> [EXERCISE REQUIREMENTS]: Return, without pictures, the lines from the start of the data through the one that contains "Neben diesem Anker".

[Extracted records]
--- START ---

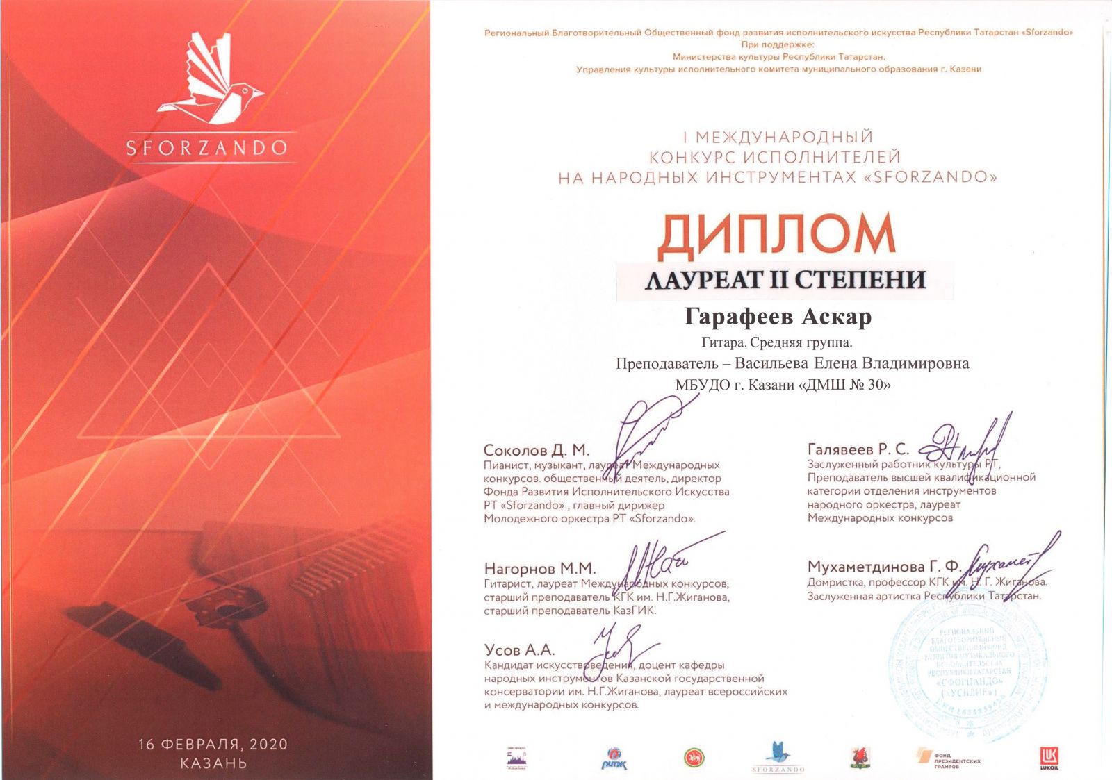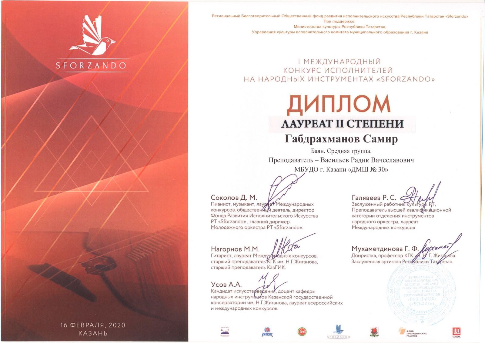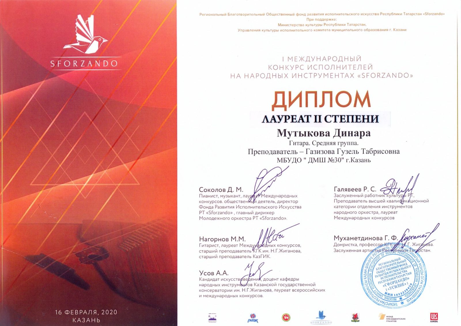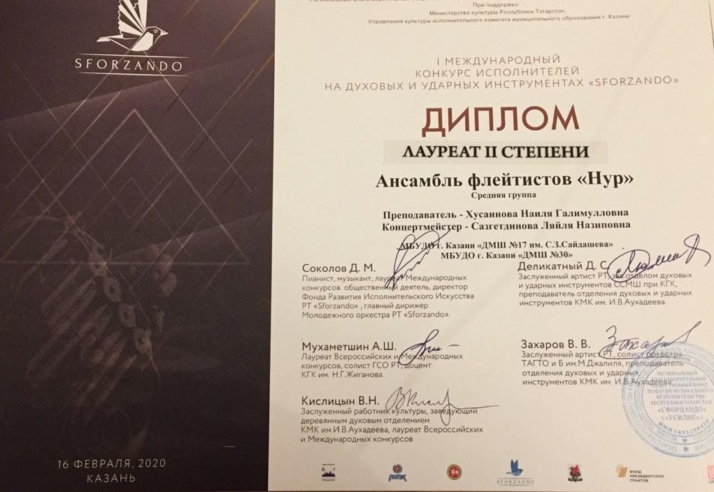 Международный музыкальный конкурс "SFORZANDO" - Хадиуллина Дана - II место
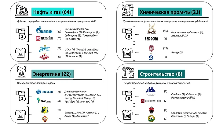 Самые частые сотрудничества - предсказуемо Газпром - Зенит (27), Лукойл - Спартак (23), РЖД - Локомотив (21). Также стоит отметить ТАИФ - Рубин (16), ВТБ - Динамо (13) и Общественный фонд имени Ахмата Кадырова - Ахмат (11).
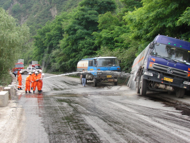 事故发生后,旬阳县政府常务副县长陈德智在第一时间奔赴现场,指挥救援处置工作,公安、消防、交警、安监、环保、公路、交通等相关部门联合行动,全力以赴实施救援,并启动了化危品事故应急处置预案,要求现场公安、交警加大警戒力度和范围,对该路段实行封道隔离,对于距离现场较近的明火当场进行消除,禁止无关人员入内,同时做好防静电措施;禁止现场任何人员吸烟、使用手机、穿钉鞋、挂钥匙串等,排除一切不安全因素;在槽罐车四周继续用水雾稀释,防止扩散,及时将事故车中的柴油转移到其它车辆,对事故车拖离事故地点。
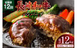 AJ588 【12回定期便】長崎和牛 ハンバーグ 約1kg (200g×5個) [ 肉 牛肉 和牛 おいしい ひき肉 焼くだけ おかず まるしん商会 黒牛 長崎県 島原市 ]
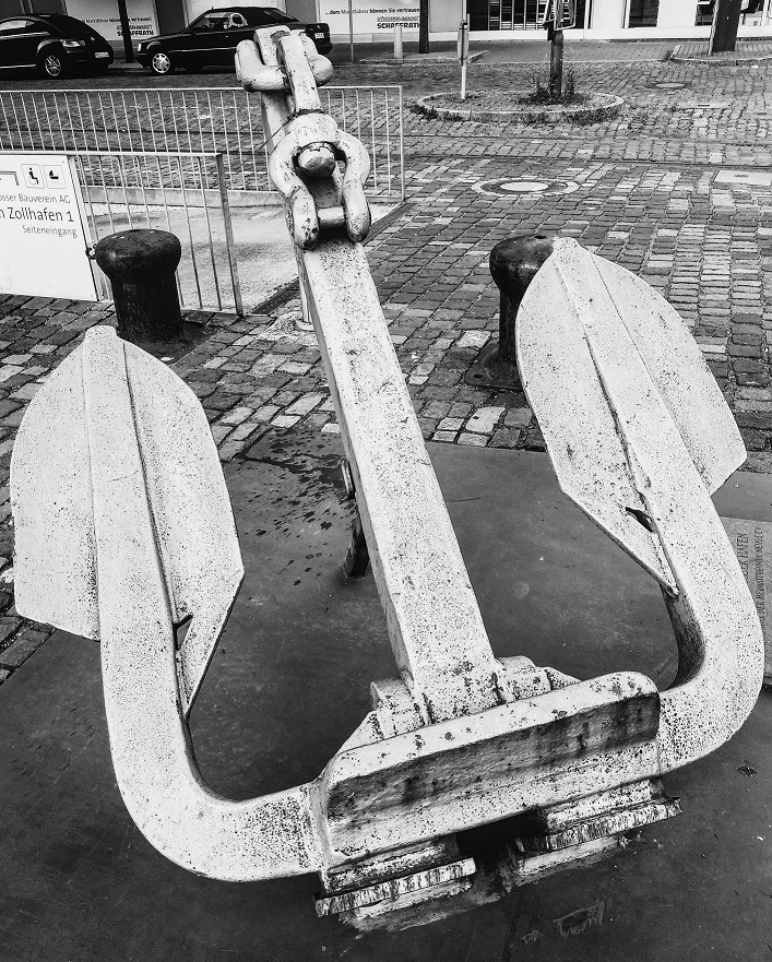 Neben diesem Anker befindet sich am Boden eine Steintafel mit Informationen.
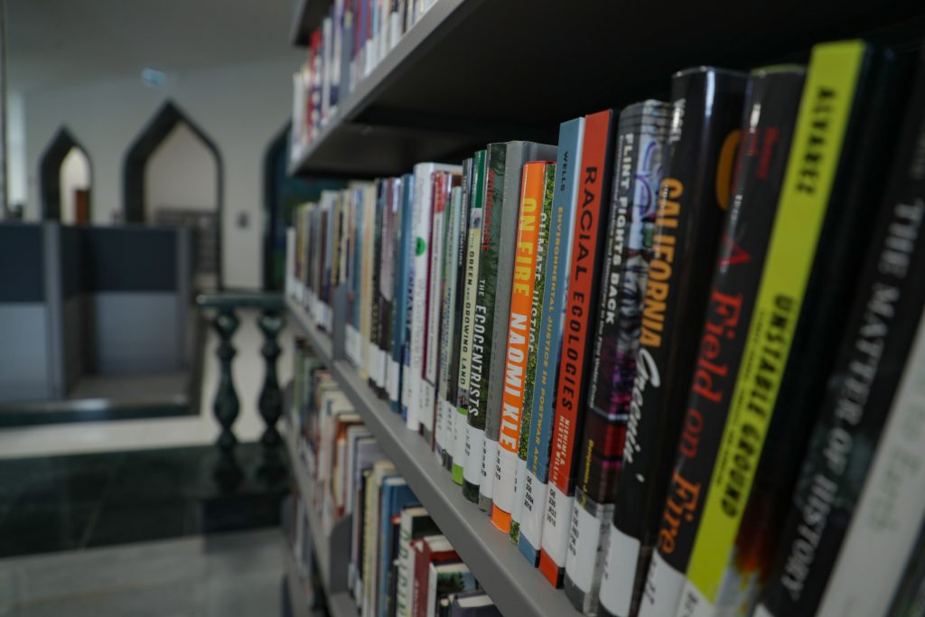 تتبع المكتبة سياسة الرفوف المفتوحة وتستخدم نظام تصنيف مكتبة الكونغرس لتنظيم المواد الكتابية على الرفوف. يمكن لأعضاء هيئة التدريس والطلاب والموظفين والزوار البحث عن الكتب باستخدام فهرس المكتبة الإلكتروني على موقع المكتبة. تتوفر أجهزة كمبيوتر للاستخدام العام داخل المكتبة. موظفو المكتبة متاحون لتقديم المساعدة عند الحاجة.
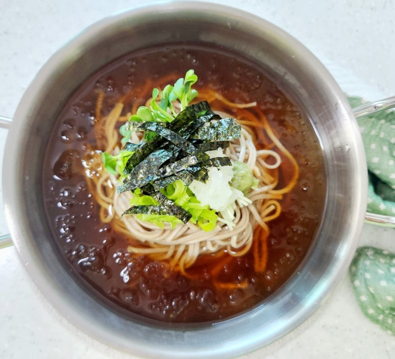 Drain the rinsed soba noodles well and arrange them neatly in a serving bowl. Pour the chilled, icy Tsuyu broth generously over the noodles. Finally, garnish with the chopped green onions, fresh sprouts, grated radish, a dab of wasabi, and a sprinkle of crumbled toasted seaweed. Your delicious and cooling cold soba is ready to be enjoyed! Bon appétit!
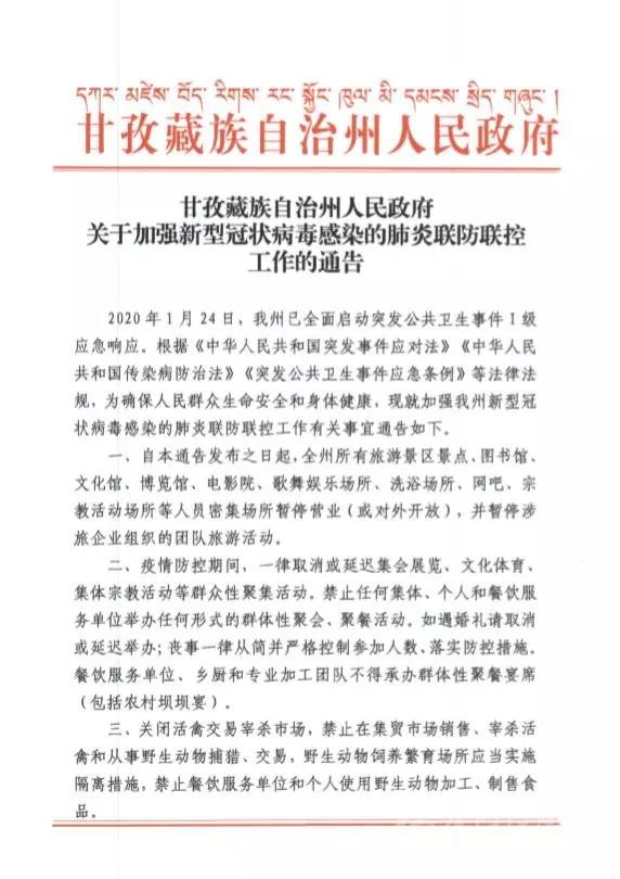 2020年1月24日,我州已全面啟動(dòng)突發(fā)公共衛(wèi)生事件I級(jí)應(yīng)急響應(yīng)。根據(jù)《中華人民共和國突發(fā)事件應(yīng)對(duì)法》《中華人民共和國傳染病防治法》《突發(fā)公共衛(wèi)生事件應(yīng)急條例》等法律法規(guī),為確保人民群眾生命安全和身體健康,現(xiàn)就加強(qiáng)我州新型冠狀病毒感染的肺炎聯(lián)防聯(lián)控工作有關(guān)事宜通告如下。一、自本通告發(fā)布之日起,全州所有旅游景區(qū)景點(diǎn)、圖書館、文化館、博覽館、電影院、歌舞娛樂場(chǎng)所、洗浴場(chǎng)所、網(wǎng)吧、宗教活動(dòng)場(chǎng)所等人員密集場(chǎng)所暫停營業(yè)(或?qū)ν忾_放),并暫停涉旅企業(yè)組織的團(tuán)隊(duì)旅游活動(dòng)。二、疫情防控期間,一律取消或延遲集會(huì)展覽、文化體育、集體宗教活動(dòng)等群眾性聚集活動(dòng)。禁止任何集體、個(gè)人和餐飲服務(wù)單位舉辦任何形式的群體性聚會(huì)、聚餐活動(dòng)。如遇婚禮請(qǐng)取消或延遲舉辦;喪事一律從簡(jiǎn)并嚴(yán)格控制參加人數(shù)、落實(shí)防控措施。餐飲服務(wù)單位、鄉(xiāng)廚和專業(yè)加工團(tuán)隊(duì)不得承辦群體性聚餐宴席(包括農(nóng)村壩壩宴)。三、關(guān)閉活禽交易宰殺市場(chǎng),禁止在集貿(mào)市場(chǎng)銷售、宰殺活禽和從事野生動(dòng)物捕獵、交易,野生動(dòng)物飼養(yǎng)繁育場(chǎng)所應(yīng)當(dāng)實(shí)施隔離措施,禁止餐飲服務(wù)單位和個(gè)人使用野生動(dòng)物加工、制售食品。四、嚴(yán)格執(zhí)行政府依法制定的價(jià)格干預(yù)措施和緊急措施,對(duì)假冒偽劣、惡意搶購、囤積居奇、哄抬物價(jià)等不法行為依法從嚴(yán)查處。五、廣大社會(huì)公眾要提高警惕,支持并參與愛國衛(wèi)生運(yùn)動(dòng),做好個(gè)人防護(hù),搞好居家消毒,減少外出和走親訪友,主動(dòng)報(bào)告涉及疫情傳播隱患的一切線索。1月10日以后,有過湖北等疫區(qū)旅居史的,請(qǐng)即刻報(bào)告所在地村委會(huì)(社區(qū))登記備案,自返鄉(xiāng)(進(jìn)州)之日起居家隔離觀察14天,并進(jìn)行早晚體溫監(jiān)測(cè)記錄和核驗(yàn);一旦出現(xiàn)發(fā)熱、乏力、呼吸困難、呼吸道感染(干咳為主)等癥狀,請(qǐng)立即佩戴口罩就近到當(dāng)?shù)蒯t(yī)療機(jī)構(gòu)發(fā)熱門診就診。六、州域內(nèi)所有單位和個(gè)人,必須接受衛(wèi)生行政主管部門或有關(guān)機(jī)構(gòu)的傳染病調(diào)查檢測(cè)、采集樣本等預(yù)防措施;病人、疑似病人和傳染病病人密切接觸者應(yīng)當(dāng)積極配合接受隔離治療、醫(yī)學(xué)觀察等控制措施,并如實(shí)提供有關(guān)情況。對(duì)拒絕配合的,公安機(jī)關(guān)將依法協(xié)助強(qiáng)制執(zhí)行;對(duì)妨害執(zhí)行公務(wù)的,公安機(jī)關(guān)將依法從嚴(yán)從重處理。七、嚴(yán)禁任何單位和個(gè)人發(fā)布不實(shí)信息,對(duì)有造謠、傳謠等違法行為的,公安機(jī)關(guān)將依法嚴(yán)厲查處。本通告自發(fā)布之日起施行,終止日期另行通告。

--- END ---

> [RESULT BELOW]:
 Международный музыкальный конкурс "SFORZANDO" - Хадиуллина Дана - II место
 Самые частые сотрудничества - предсказуемо Газпром - Зенит (27), Лукойл - Спартак (23), РЖД - Локомотив (21). Также стоит отметить ТАИФ - Рубин (16), ВТБ - Динамо (13) и Общественный фонд имени Ахмата Кадырова - Ахмат (11).
 事故发生后,旬阳县政府常务副县长陈德智在第一时间奔赴现场,指挥救援处置工作,公安、消防、交警、安监、环保、公路、交通等相关部门联合行动,全力以赴实施救援,并启动了化危品事故应急处置预案,要求现场公安、交警加大警戒力度和范围,对该路段实行封道隔离,对于距离现场较近的明火当场进行消除,禁止无关人员入内,同时做好防静电措施;禁止现场任何人员吸烟、使用手机、穿钉鞋、挂钥匙串等,排除一切不安全因素;在槽罐车四周继续用水雾稀释,防止扩散,及时将事故车中的柴油转移到其它车辆,对事故车拖离事故地点。
 AJ588 【12回定期便】長崎和牛 ハンバーグ 約1kg (200g×5個) [ 肉 牛肉 和牛 おいしい ひき肉 焼くだけ おかず まるしん商会 黒牛 長崎県 島原市 ]
 Neben diesem Anker befindet sich am Boden eine Steintafel mit Informationen.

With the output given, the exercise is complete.